The Australian cricket team toured the United Arab Emirates from September to October 2018 to play two Tests and three Twenty20 International (T20I) matches against Pakistan. Ahead of the Test series, there was a four-day practice match in Dubai.

In February 2018, the Pakistan Cricket Board (PCB) looked at the possibility of hosting this series and New Zealand's tour to the UAE in Malaysia instead of the UAE, due to domestic Twenty20 fixture congestion in Sharjah. In May 2018, the PCB invited Australia to play the fixtures in Pakistan, but Cricket Australia said it would not allow matches to be moved there. In June 2018, the PCB and the Emirates Cricket Board (ECB) agreed to play Pakistan's future matches in the UAE. 

In September 2018, both Mitchell Marsh and Josh Hazlewood were appointed joint vice-captains of the Australia Test cricket team. The following month, both Mitchell Marsh and Alex Carey were appointed joint vice-captains of the Australia T20I cricket team.

During the second Test match, an extra T20I match for Australia against the United Arab Emirates was added to the tour itinerary. Australia were scheduled to play the UAE in a Twenty20 warm-up match before the T20I series against Pakistan, when the match was upgraded to a full T20I fixture. It was the first time that the UAE played a full T20I match against Australia. Australia won the one-off match by seven wickets.

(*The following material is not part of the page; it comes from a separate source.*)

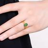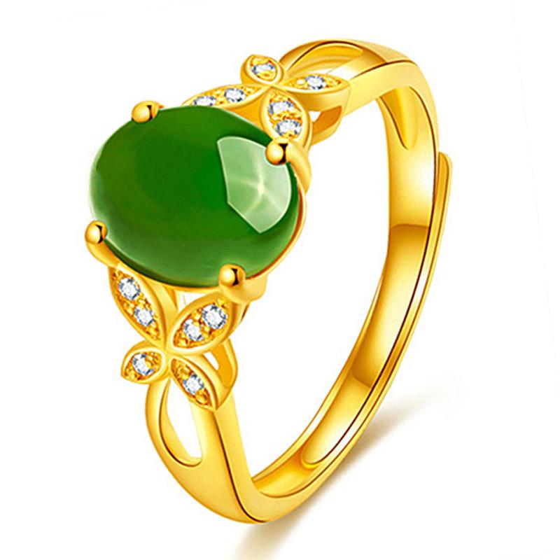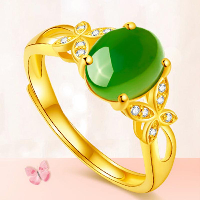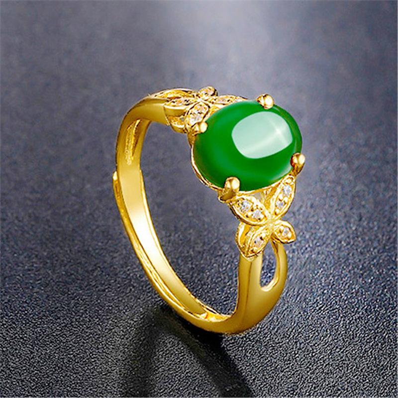 Anillo de esmeralda natural bañado en oro con diseño de mariposa y flor de amor, con jaspe hetiano, ideal para bodas y bailes.

Pakistan won the Test series 1–0, after the first match ended in a draw. Pakistan won the T20I series against Australia 3–0.

Squads

After Pakistan's Test squad was named, Mohammad Hafeez was later added to the team. Imam-ul-Haq fractured his finger while fielding in the first match, and was ruled out of Pakistan's squad for the second Test. Peter Siddle was added to Australia's T20I squad as cover for Mitchell Starc.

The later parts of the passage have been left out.